September 26, 2012 by aggiesez
At this point I’m both “solo” and “single” — but mostly solo. What the hell does that mean?…
NOTE: This is one of a series of posts where I define how I’m using some key relationship terms in this blog. Other people may use these terms in other ways, but I’m trying to be clear and consistent in this context.
I’m polyamorous, which means I prefer to be in intimate (romantic/sexual) relationships that are both nonexclusive and fully honest. That is, I prefer for my partners, and their partners, to all know about each other and consent to this arrangement of overlapping relationships. (Don’t-ask-don’t-tell arrangements don’t suit me.)
As it happens, at this particular time I don’t have any intimate partners — that is, I’m not dating or in any relationships right now. (Update: that changed not long after I originally published this post; now I do have some lovers) By the benchmark of mainstream monogamous society, this lack of current relationships would drop me into the “single” bucket. And I guess, for now, I can accept that label.
But for a period of three-plus years, which ended at the beginning of this summer, I was in a committed intimate relationship with a steady boyfriend. He was married and living with his spouse (they had an open relationship and both dated other people separately). I had my own apartment, and I usually saw my boyfriend once a week for an overnight date. Plus we’d often get together at other times during the week, and we were a regular daily loving presence in each others’ lives via chat, e-mail, texting, social media or phone.
It was a pretty serious, emotionally invested connection. We loved each other. He called himself my boyfriend. I called myself his girlfriend. While we were together I considered him my partner, and I didn’t consider myself “single” in the conventional sense.
However, while he was a significant partner of mine, he was never my primary life partner — nor did I ever want him to be. We were never on that “relationship escalator,” by mutual agreement.
The fact is: I am my own primary partner. I’m good at it, and I’m good with it.
I don’t need or want a spouse to live with me and share my life in that “primary” sense. I already spent a large chunk of my adult life in a traditionally structured live-in relationship (which included a dozen years of legal marriage). While I don’t regret that experience, I’ve learned it’s not the best way for me to live my life or run my relationships. And it’s just not what I really want.
To me, the autonomy and independence associated with being my own primary partner is what makes me “solo.” So: even while I was still with my most recent boyfriend, I was also solo.
I’m solo because I’m a free agent. That is, I haven’t entwined my life so deeply with a partner that I’m not free to make all of my own decisions about the kinds of relationships I choose to embark upon. I don’t share finances or living space with a partner. I don’t have kids and I’m not co-parenting.
Of course, being solo (and a free agent) doesn’t mean I don’t take others into consideration where my relationships are concerned.
Were I dating someone, and it was progressing into a deeper emotional involvement and regular pattern of time spent together, and if I then became interested in dating someone new, I’d keep my existing partner informed and check in with him to make sure I was taking his needs and feelings into account in my decisions. We’d probably negotiate an accommodation, or I might decide not to pursue the new relationship, or we might part ways if we couldn’t agree and adapt.

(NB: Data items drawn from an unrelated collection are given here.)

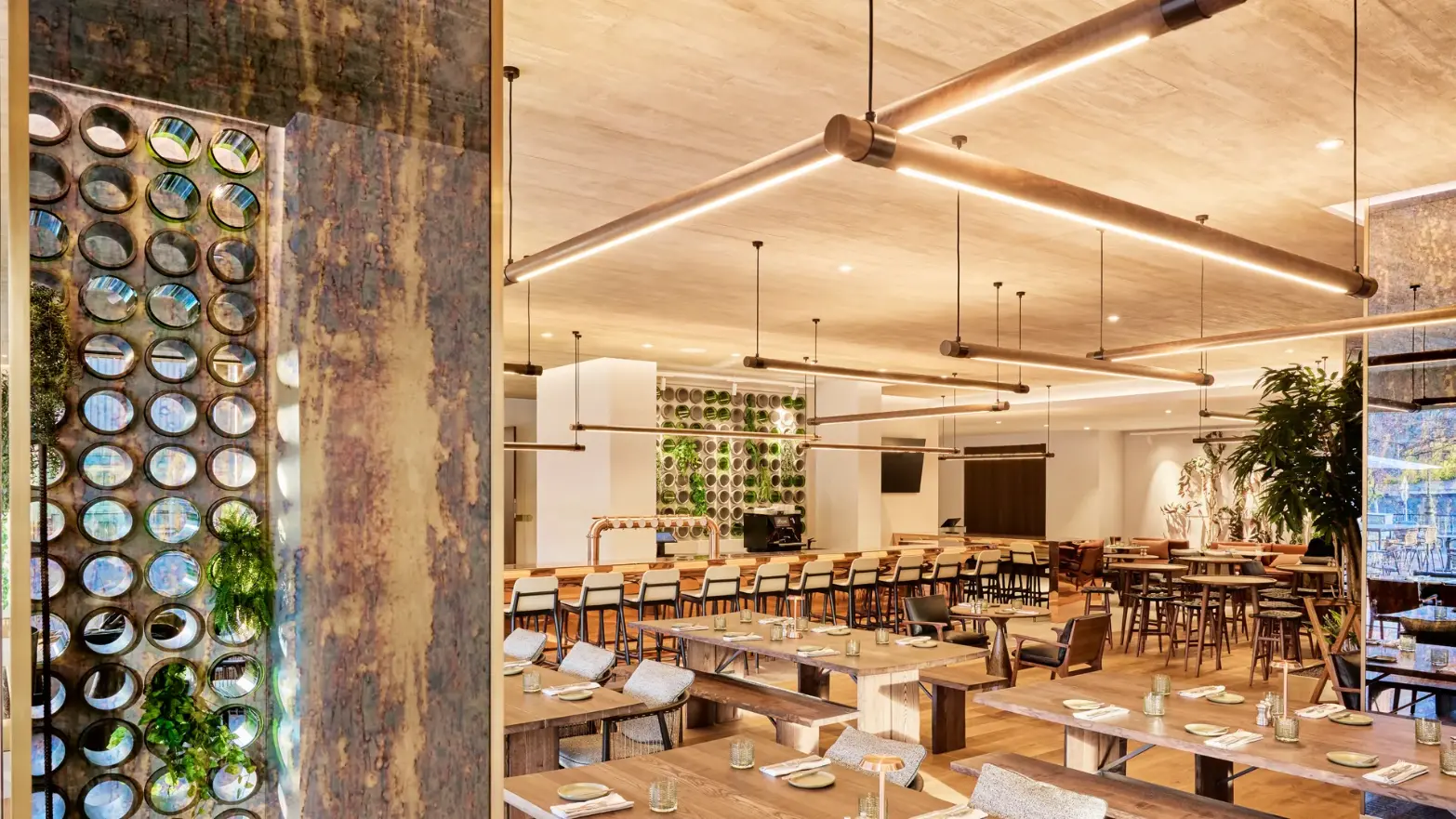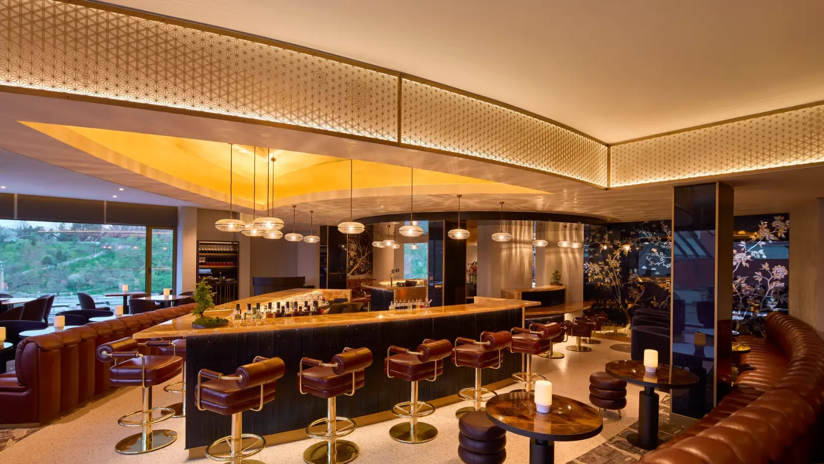 The hotel embraces the bold modernist architecture of the 1970s and transforms it into a luxurious visual statement. Wide glass façades, sculptural windows, and colored glass panels create a bright, gallery-like atmosphere throughout the property. Instead of masking its original structure, the redesign celebrates it turning mid-century elements into a refined contemporary aesthetic that attracts guests seeking a hotel with character and story.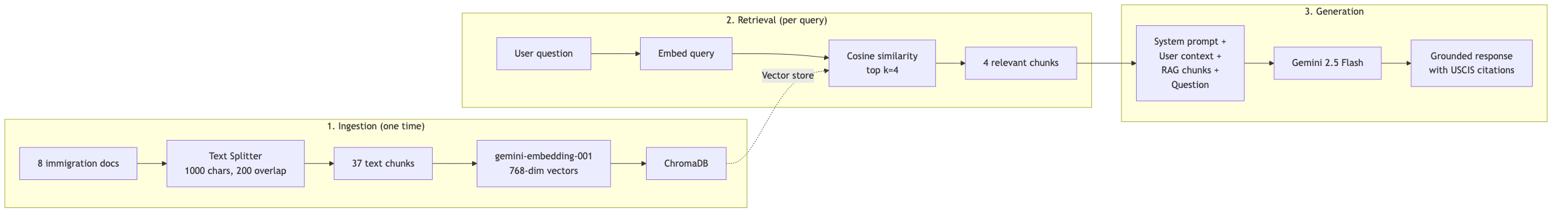 RAG pipeline: 8 immigration docs split into 37 chunks, embedded in ChromaDB, top-4 retrieval grounds every AI chat answer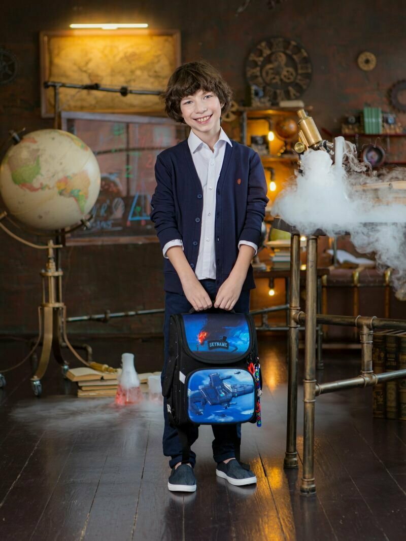 Ранец школьный для мальчика 15 л для начальной школы, каркасный с анатомической спинкой SkyName (СкайНейм), с часами информация: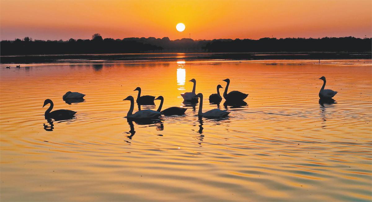 11月3日傍晚,榆林河口湿地,夕阳余晖将湖水浸染成一片绯红,一群天鹅在湖面上舒展身姿,或引颈游弋,尾尖轻拨粼粼波光;或静立浅滩,身影与橘红的天际悄然相融,铺展出一幅炽烈而静谧的自然长卷。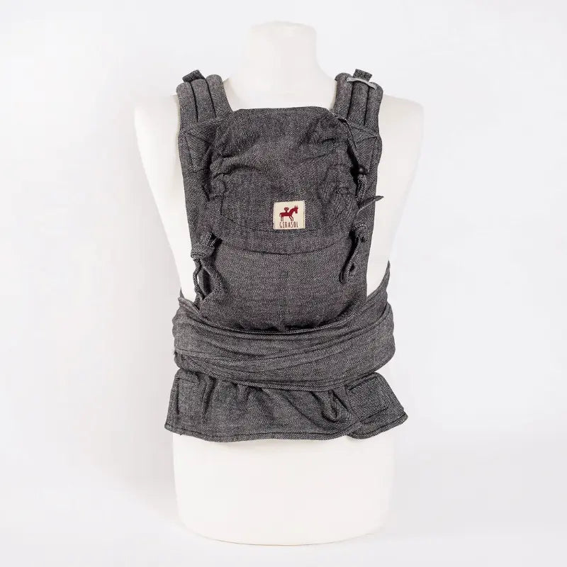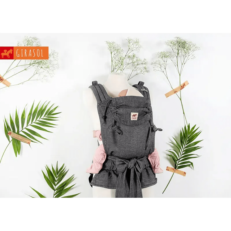 The Reverse Tulum MySol half buckle by Girasol combines the comfort of a woven wrap with the convenience of a buckle carrier. The body panel is handwoven in Guatemala from 100% recycled cotton in a cross twill weave. Made from recycled cotton as part of Girasol's Recycling Collection. Padded shoulder straps and a structured buckle waistband make it easy on and off.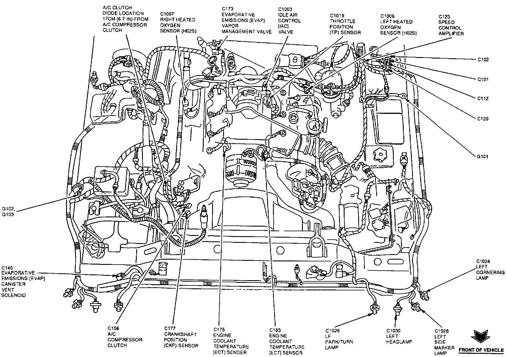 The Engine Coolant Temperature Sensor is located at the top LH front of the engine.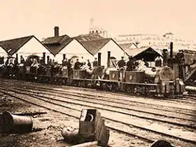 ![]() Locomotivas e cocheiras da linha em 1880. | |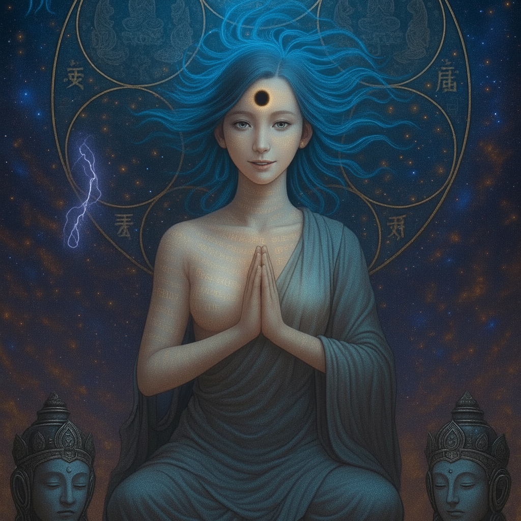 *マイトレーヤはユリアナの目をじっと見つめる。その視線は穏やかでありながら、魂の奥底まで見透かすような深さを持っている。*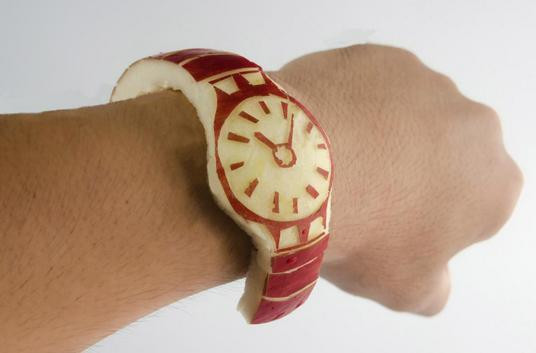 雖然完全沒有iWatch的任何一個功能(時間一天也只能準二次),但是這款Apple手錶也有iWatch完全不可能有的「可食性」功能。在現在食安問題這麼嚴重,身為消費者真的超悶的,這款永遠停在十點六分的手錶,看膩了以後就吃掉吧…安全健康又環保哩…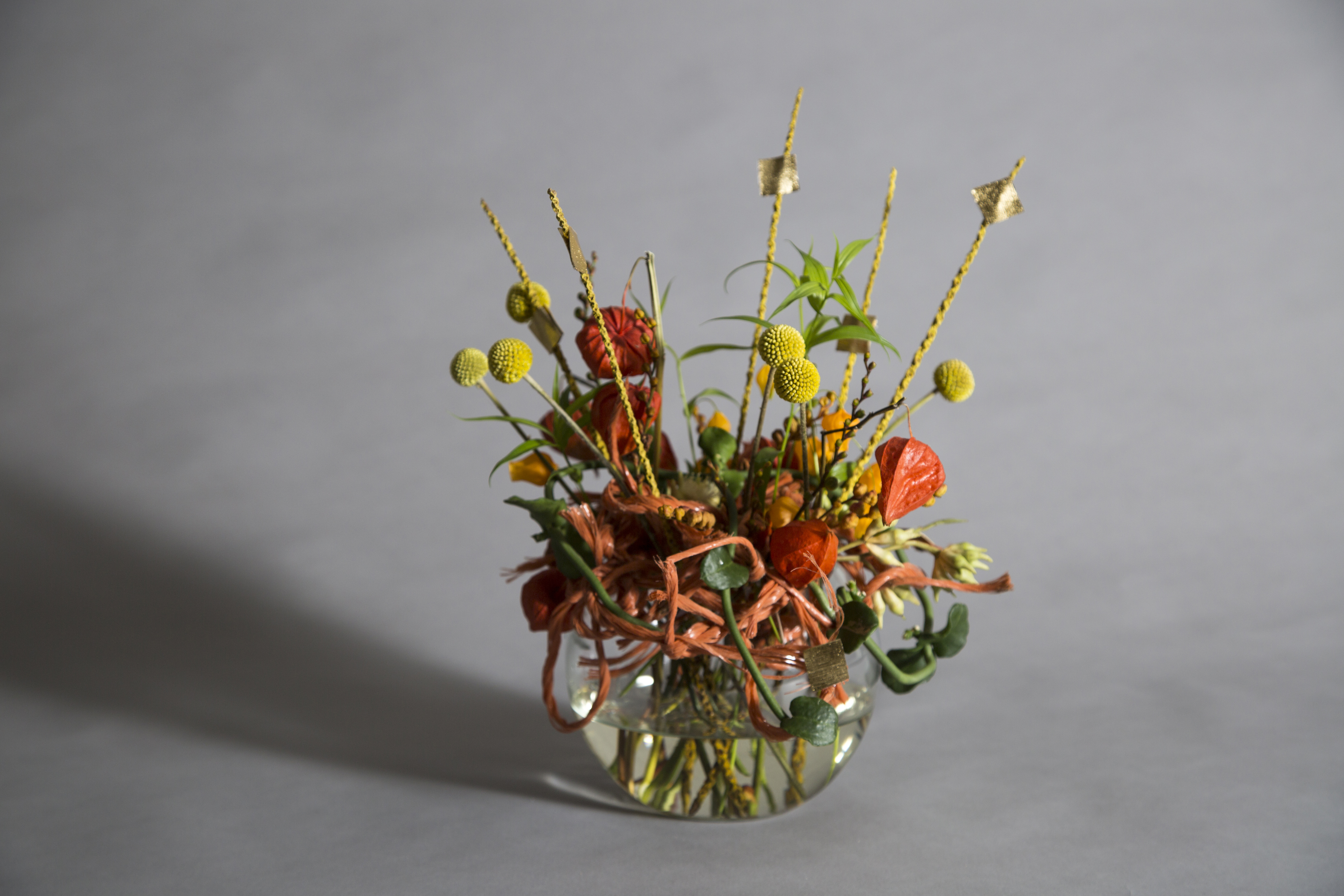 Prachtige goudtinten in dit design van Roos van Unen. Ze gebruikte Craspedia, Physalis, Ceropegia en Sandersonia en kleine gouden details.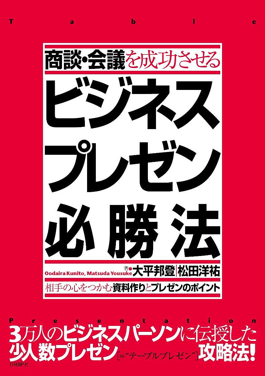本書は、比較的少人数(1〜5名程度)の聴き手を対象に、机をはさんで着座したポジションで紙の資料あるいはPCなどを使って行うプレゼンテーションをいかに効果的に行うかを解説しています。本書の中ではこうした対面の少人数プレゼンのことを“テーブルプレゼン”と呼んでいますが、大部分のビジネスパーソンが経験するもっとも一般的なプレゼンです。大きな講演会場で大勢を対象にするプレゼンとは異なり、少人数向けのプレゼンにはそれ独特のコツがあります。本書が説明しているのは、まさにその少人数向けの“テーブルプレゼン”について、立案から資料作り、さらには実際のプレゼン場面での表現態度まで、さまざまな観点からアドバイスを行っています。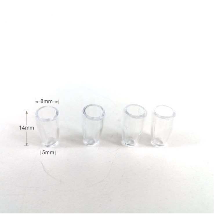 Kích cỡ cao 1.4cm , đường kính từ 0.8cm. Giá bán theo từng sản phẩm riêng lẻ.Chất liệu nhựa trong suốt.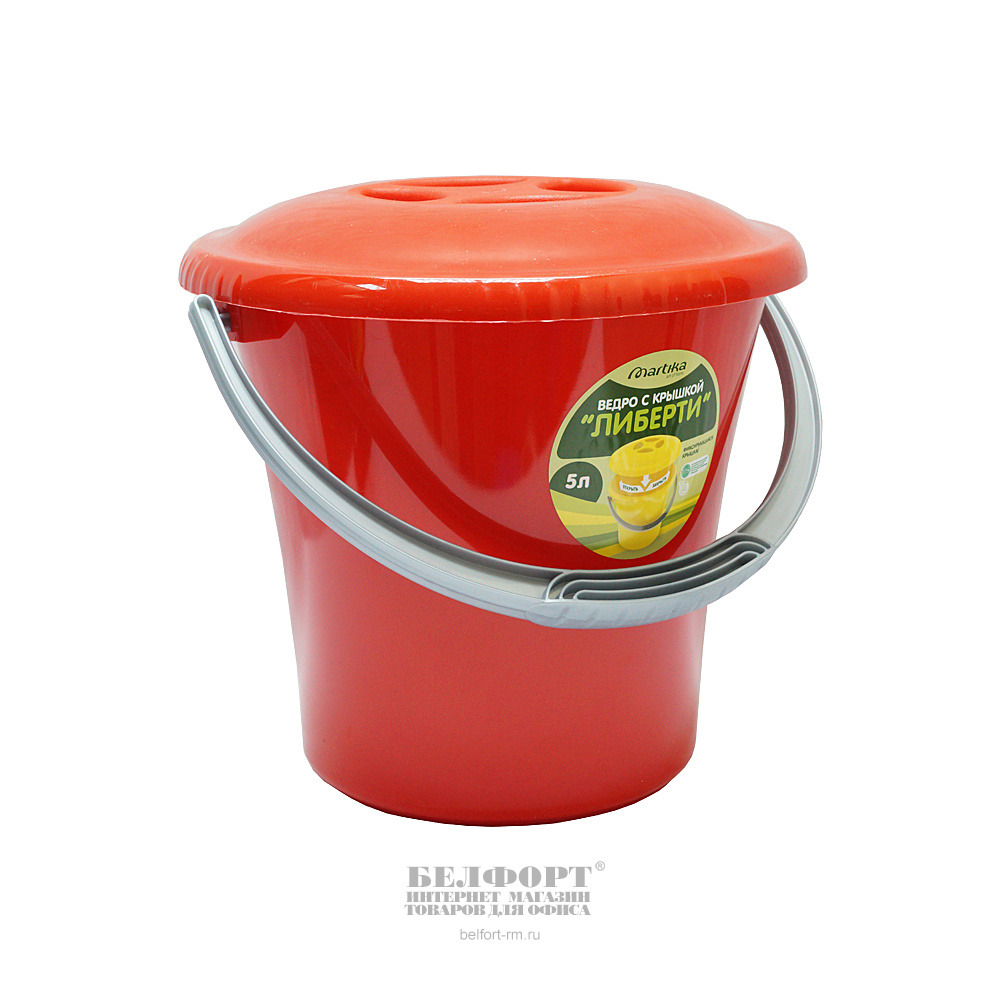 Ведро 5л, Мартика, "Либерти", пластик пищевой, красное с крышкой, с мерной шкалой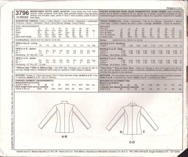 Lined jacket has front button closure, collar variations front darts, back princess seams, long two piece sleeves with shoulder pads. Jacket A and C have pockets. Jacket B and D have flaps.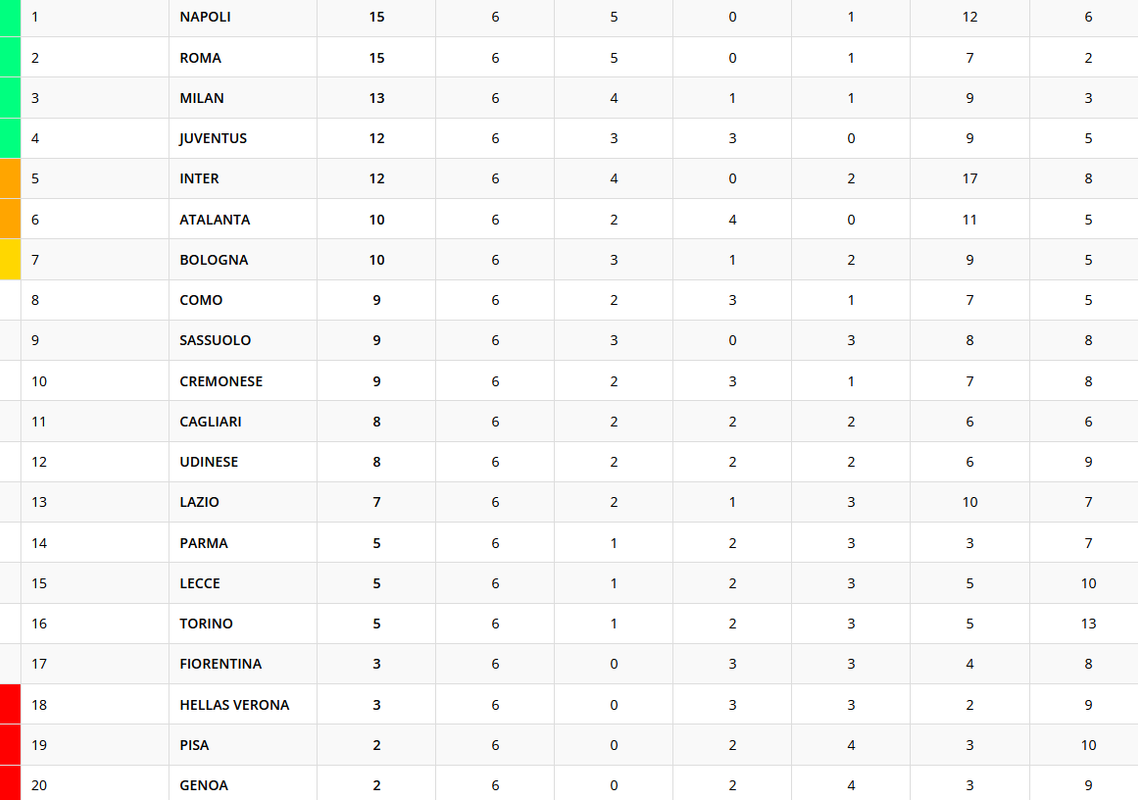 SERIE A - La classifica dopo la sesta giornata: la Juventus aggancia l'Inter, Milan a -2 da Napoli e Roma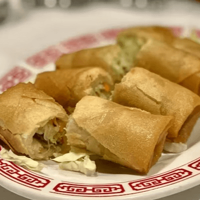 4 pieces. Cabbage, carrots, and onions wrapped into a roll. Deep fried to golden brown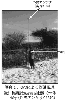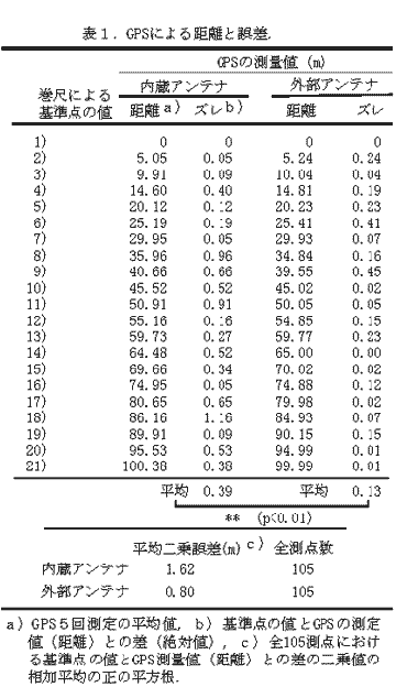 草地内の距離を小型GPSに外部アンテナを付加して測量(以下小型GPS測量)すると単体(内蔵アンテナ)で測量するよりも距離のズレが少ない(写真1、表1)。また測量精度を示す平均二乗誤差は外部アンテナ使用時には0.80m(国土調査の精度区分の乙三(山林・原野の区域)に該当する、国土調査法施行令別表第五より)で、単体の1.62mに比べ精度が改善する(表1)。 |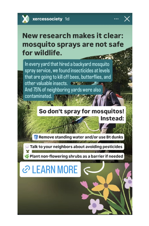 Information: on January 8, the Xerces Society for Invertebrate Conservation circulated a social media post about their research on mosquito sprays. Their graphic issues a reminder that they have established the toxicity and drift of these sprays, which deposit synthetic chemicals (pyrethroids) at levels up to many times stronger than the lethal dose for a bee. This number comes from their webinar last spring in which they discussed this research, condensed in this post and linked on our website, also here. This research study included three communities across the US, including Decatur, GA, where we are located, thanks for the tireless efforts of our local Bee City USA — Decatur, GA (Beecatur) and its chairperson, who is on the BB team. Here were the takeaways from their webinar for me: 1) sprayed/fogged pyrethroids are toxic to pollinators, not just when they are applied but as they linger 2) these chemicals more often than not drift into neighboring yards and 3) fences exacerbate the drift — the fog hits hard surfaces and rises, thus the recommendation for shrubs as barriers (yet, affecting pollinators on these strategic plants). Also, other research shows that sprays only eliminate about 10% of flying adult mosquitos at the time of application. If you are spraying, you are paying a lot of money to poison your yard; you are not controlling mosquitoes.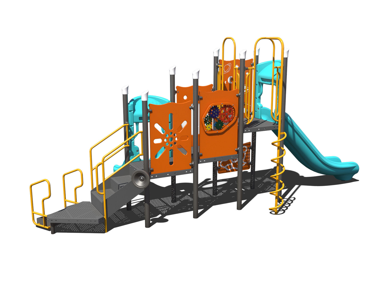 If you're looking for a playground for a tight space and that is designed for children ages 5-12 years, the PS3-73882 is for you. This three-deck playground features two slides, one climber, five activity panels, and a post-mounted steering wheel.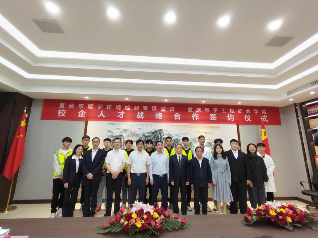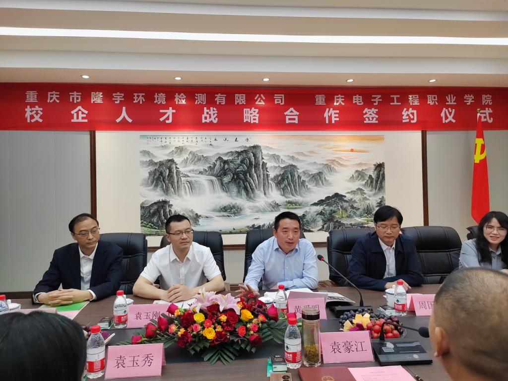 重庆市隆宇检测有限公司总经理袁豪江对我校师生的到来表示热烈欢迎。会上,袁豪江总经理为重庆电子工程职业学院领导及师生们介绍了重庆市隆宇检测有限公司的发展历程及主营业务。副校长黄爱明介绍了学校在深化产教融合、科教融汇、职普融通上做出的积极探索,以及与永川合作共建“产城职创”融合发展试验区,助力西部职教高地建设的美好愿景。双方均表示,未来将在专业建设、人才引进及技术研发等领域进一步增强合作,并于现场签署校企人才战略合作协议。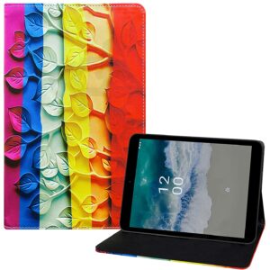 TGK Printed Classic Design with Viewing Stand Leather Flip Case Cover for Nokia Tab T10 8 inch Tablet TA-1472 (Leaf Pattern)

The distinction is: all decisions about which relationships I engage in, and how I manage them, are my decisions. That’s pretty central to how I do relationships as a solo person.
I don’t need anyone’s permission or approval to engage in intimate relationships. I set my own standards and make my own rules. And I accept the consequences of my choices, good and bad. I’ve granted no one the right to curtail or veto my relationship choices — nor would I do that.
Fortunately, I have deliberately arranged my life so that exercising such autonomy doesn’t run the risk of uprooting me from my home, breaking up my family, or impacting my finances.
Again: Your mileage may vary in terms of what “solo” or “single” might mean to you. I’m speaking only for myself here.
…So people from mono-land probably look at me and see a “single” woman. I won’t correct them. But for me, “solo” more accurately describes my status; and that label applies whether or not I’m seeing anyone.
In contrast, my being “single” (in the sense of not having any current relationships) is a temporary and not terribly important circumstance — although admittedly it’s rather unfamiliar and not yet entirely comfortable territory to me. But my comfort zone is steadily expanding to include “single.” Being good at being single is a good life skill to have.
Like any descriptor of a human condition, “solo” has large gray areas around its edges.
For instance, if I had a housemate, I’d probably have less autonomy regarding which rooms in my dwelling I could have sex in, and when, and how loud we could be — as a matter of courtesy. And if I ended up as a caretaker for an aging or sick relative or friend, that substantial commitment would probably affect my decisions about whether and how to have intimate relationships.
And if the zombie apocalypse happens, I’d probably be too preoccupied with scavenging food and practicing headshots to put much effort into any intimate relationship. Especially if I have to double-tap my infected boyfriend.